For nearly 20 years, Joe Allen has been working to improve the area around the mall. As executive director of the Gwinnett Place Community Improvement District, Allen said it pains him to see “the ghost town it has become.” He remembers when the mall “was the center of the universe;” thinking of taking his son to meet Santa there still gives Allen chills when he thinks of how his face lit up.

“It really put Gwinnett on the map,” Allen said. “Everyone knows where Gwinnett Place is. It’s in our DNA; we can probably find it blindfolded.”

Eric Teusink, who grew up in Gwinnett, recalls running around the mall in a pack of 13-year-old boys, hoping to find a pack of 13-year-old girls near the mall’s fountain to make awkward conversation. He has fond memories of skateboarding “briefly and poorly” in the parking lot and of an easily accessible cigarette machine near a Ruby Tuesday on the mall’s upper level.

“It was a somewhat unregulated playground for young teens and preteens,” said Teusink, 39. “It was a brief and beautiful period in a young boy’s life.”

Joshua Garcia, 19, is also mourning Gwinnett Place. The Lawrenceville resident remembers shopping at J. C. Penney with his family before the store closed, and eating lunch at a Chinese restaurant in the food court. He went to the mall at least once a month.

“If you were just bored in the house, you would go to the mall and see what was there,” he said. “Nobody goes to the mall like they used to before.”

Ellen Dunham-Jones, a professor of architecture and urban design at Georgia Tech, said men tend to be more nostalgic about malls — which were often anchors for their social lives. Women, she said, tend to comparison shop and are quicker to move on to the next set of stores.

Gwinnett Place had long been a default downtown for Gwinnett County, and became a symbol of the suburban lifestyle the county could provide, Dunham-Jones said.

“I think it definitely ends a significant establishment or moment in Gwinnett history,” said Kirkland Carden, the newly elected county commissioner representing the area whose first job was at the Gwinnett Place Abercrombie & Fitch.

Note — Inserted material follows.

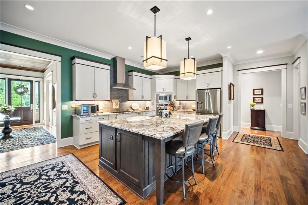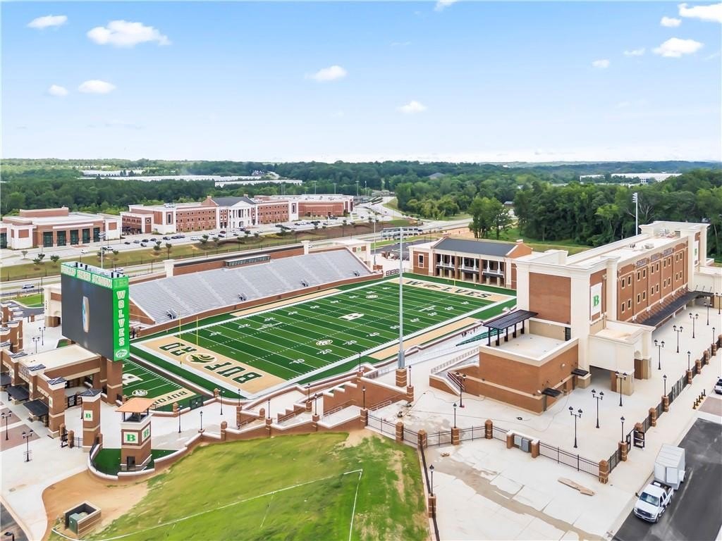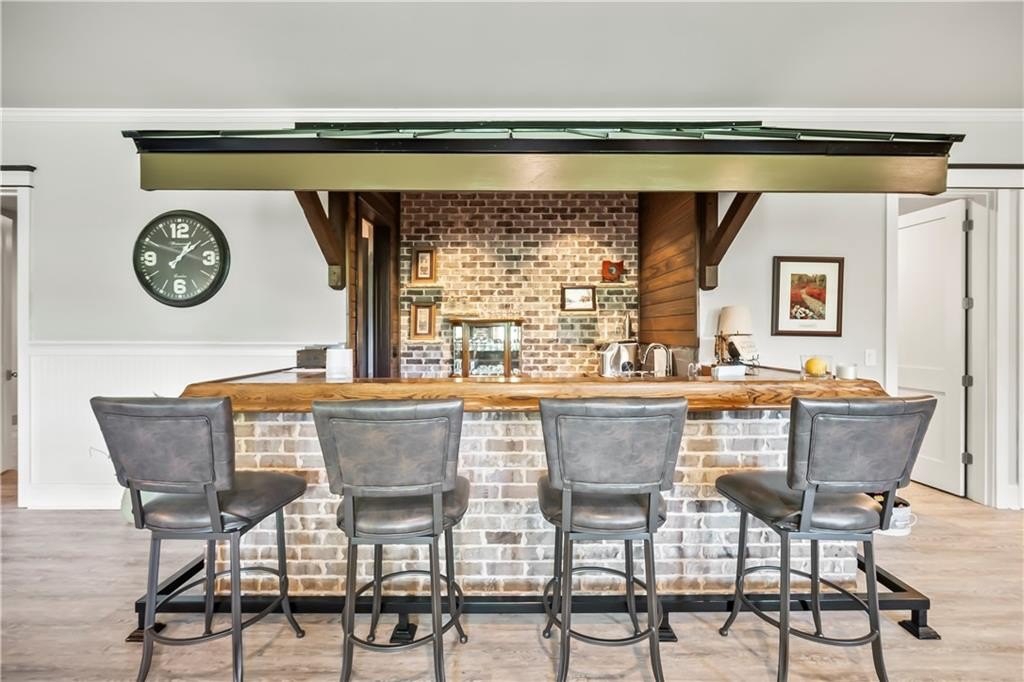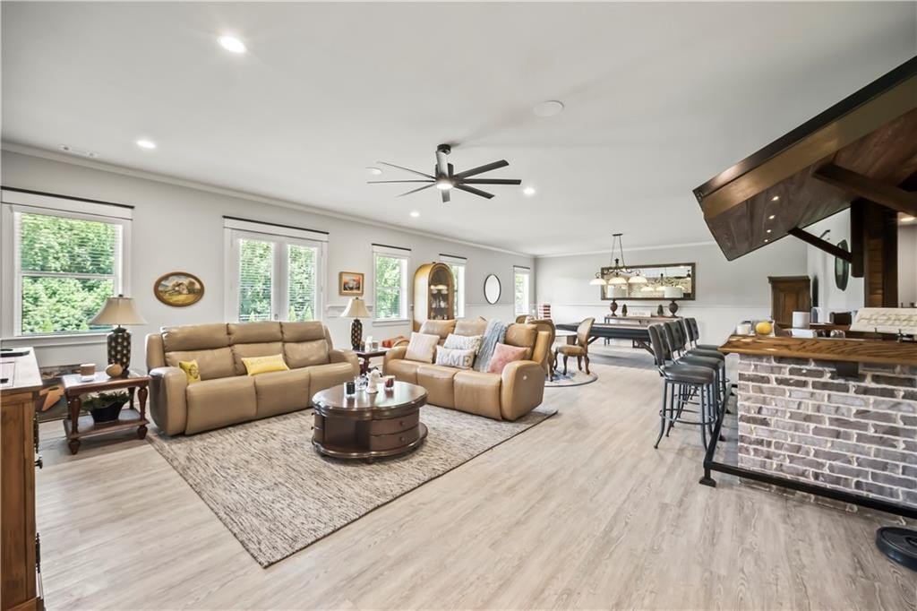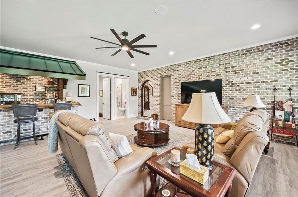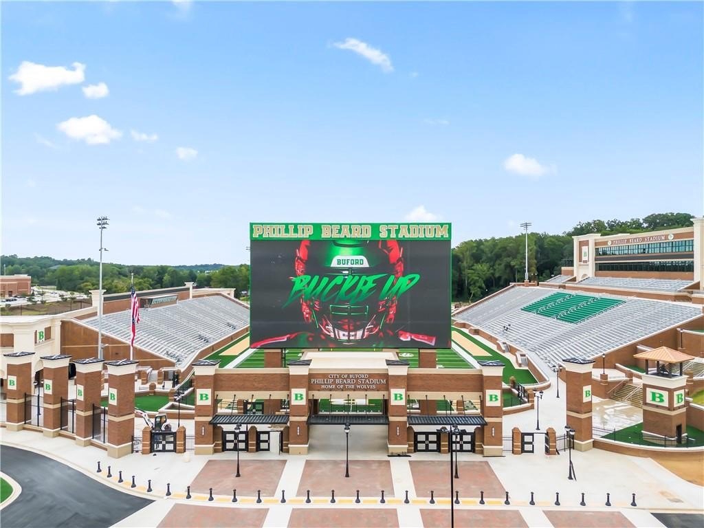 Welcome to 5415 Falls Landing Drive, nestled in the highly sought-after Reserve at Big Creek Subdivision. Located in Hall County and zoned for the #1-rated Buford City Schools, this one-of-a-kind custom-built home offers the perfect blend of luxury, functionality, and convenience. Built in 2022 and thoughtfully designed with every upgrade in mind, this 5,610 sq. ft. four-sided brick home sits on an expansive 1+ acre lot and features an impressive 4-car attached garage. Step inside to soaring ceilings, rich hardwood floors throughout, and an open-concept layout ideal for modern living. The chef’s kitchen is a showstopper with high-end appliances, an oversized entertaining island, wine fridge, and custom finishes throughout. Flow seamlessly into the large dining area and elegant living room featuring a fireplace with custom built-ins. Enjoy Georgia evenings on the screened-in patio with its own fireplace, perfect for hosting or relaxing with your morning coffee. The main-level primary suite is a true retreat, offering a spa-inspired bathroom with a soaking tub, separate shower, double vanities, and a massive walk-in closet. All additional bedrooms on the main level are generously sized and offer great functionality. The finished basement is a dream for entertaining and extended living — complete with a media room, billiards area, custom bar, and a private guest suite with full bath. A separate entrance provides flexibility and privacy, while a dedicated storage area is perfect for gardening, landscaping equipment, or a workshop.This smart home also features low-voltage exterior lighting and integrated home automation systems, offering both comfort and convenience.Don’t miss your opportunity to own this rare gem in a prime location with access to top schools, spacious luxury living, and every upgrade already in place.

Carden and his friends saw celebrities at the mall — Bow Wow, Bonecrusher, Lil Jon — and MTV scouting people for reality shows. At the time, he said, it was “full of young people with time to kill.” Now, Carden describes Gwinnett Place as “hollow and empty and cold.”

He doesn’t see much purpose for the mall anymore. As a member of the board that will make the decision about Gwinnett Place’s future, Carden will have a say in what happens to the “obsolete” Gwinnett Place.

“Nothing lasts forever,” he said. “We have a chance to make something modern. ... Gwinnett is not the Gwinnett of the 1980s. It’s different. We’re going to see more iconic figures in Gwinnett morph and change.”